— Подводят нас к машине, большая такая, крытая черным брезентом. А там уже люди сидят. Полный кузов… А ты говоришь, не предатель.
Такое слышу впервые. Начинаю лихорадочно вспоминать, что же мне было известно из разговоров? И почему в сорок третьем у нас не возникло никаких подозрений?
— Мне кажется, что… и Элика арестовали… Помню… Хорошо помню, Витя раньше сказал, будто арестовали тебя и Элика.
— Арестовали… Его подсадили в камеру. Знаешь, что такое подсадная утка?
Молчу и никак не могу поверить, что Элик был подсадной уткой.
Мы свернули с тропинки и пошли по сырому мху. Туфли мои намокли. Вячеслав заметил это, пошел быстрее. Неожиданно он остановился. Одна я бы прошла мимо, не обратила внимания на эту широкую яму, поросшую вереском. А над ней целый кустарник вырос, правда, хилый какой-то, даже смотреть на него неприятно. На самом дне ямы лежало трухлявое дерево, по которому ползали муравьи.

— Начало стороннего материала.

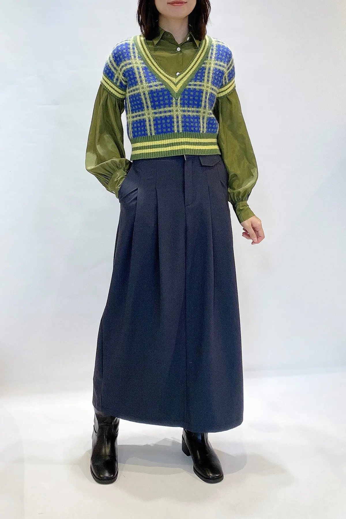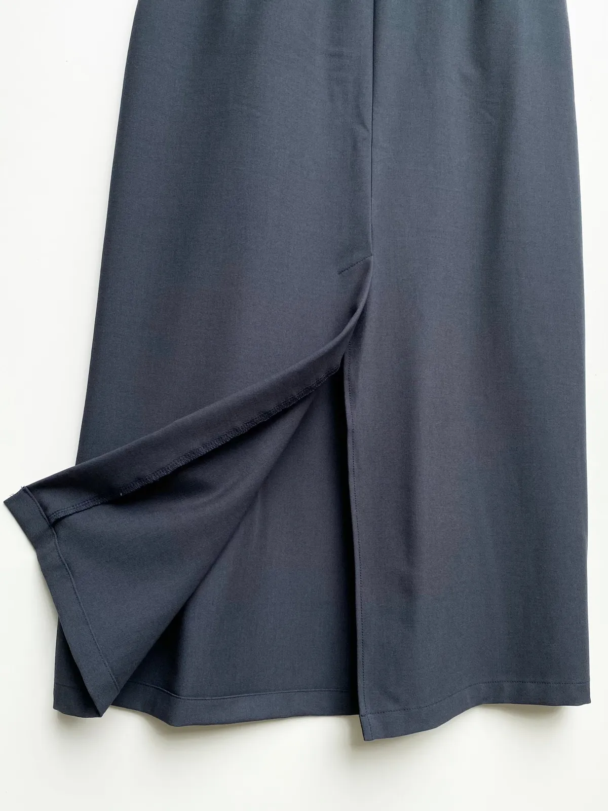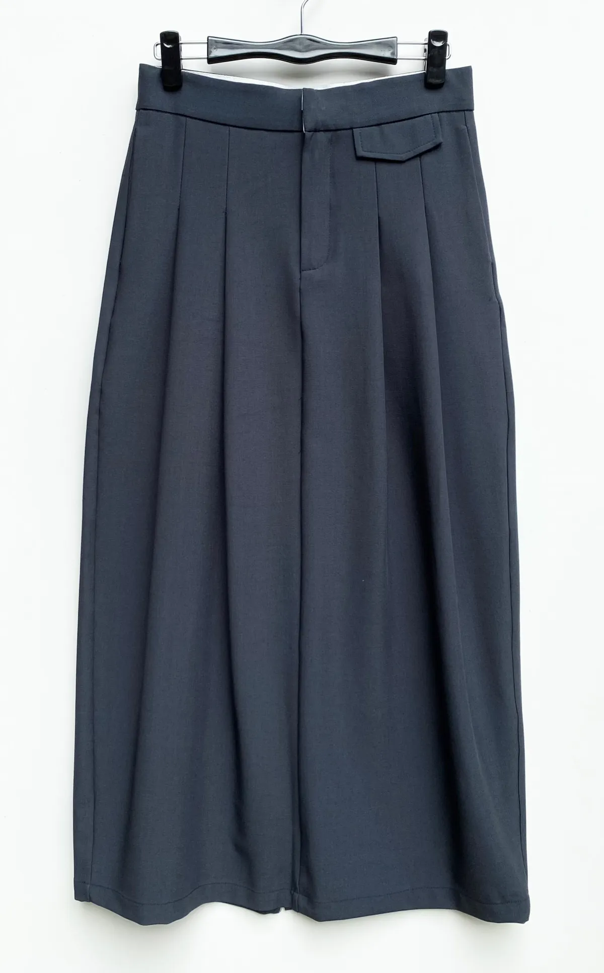 假口袋寬摺後開岔長裙

— Землянка у нас была просторная, глубокая. Восемь человек в ней жили. Здесь пять ступенек вели вниз. У той стены, напротив, были нары, двойные. Я хотел лечь наверху, но Толя не согласился, боялся, что его брат свалится ночью во сне. Сам полез наверх. Вот здесь мы спали…
Обхожу кругом. Слава говорит, а я слушаю его, стараясь представить себе землянку с крошечным окошком у самого потолка. Под окошком — самодельный стол, круглые чурбаны вместо табуреток. Вдоль стены — нары, а посередине — железная печка-«буржуйка». Все это видели Толя, Славка. Они дышали этим продымленным воздухом, отсюда шли в бой, сюда возвращались отдохнуть перед следующим боем. Налетел порывистый ветер, зашелестели деревья. Старая сосна отозвалась протяжным стоном. А мне показалось, будто заскрипела отяжелевшая от наледи дверь землянки и на нас дохнуло холодным, ледяным воздухом.
Назад возвращались молча.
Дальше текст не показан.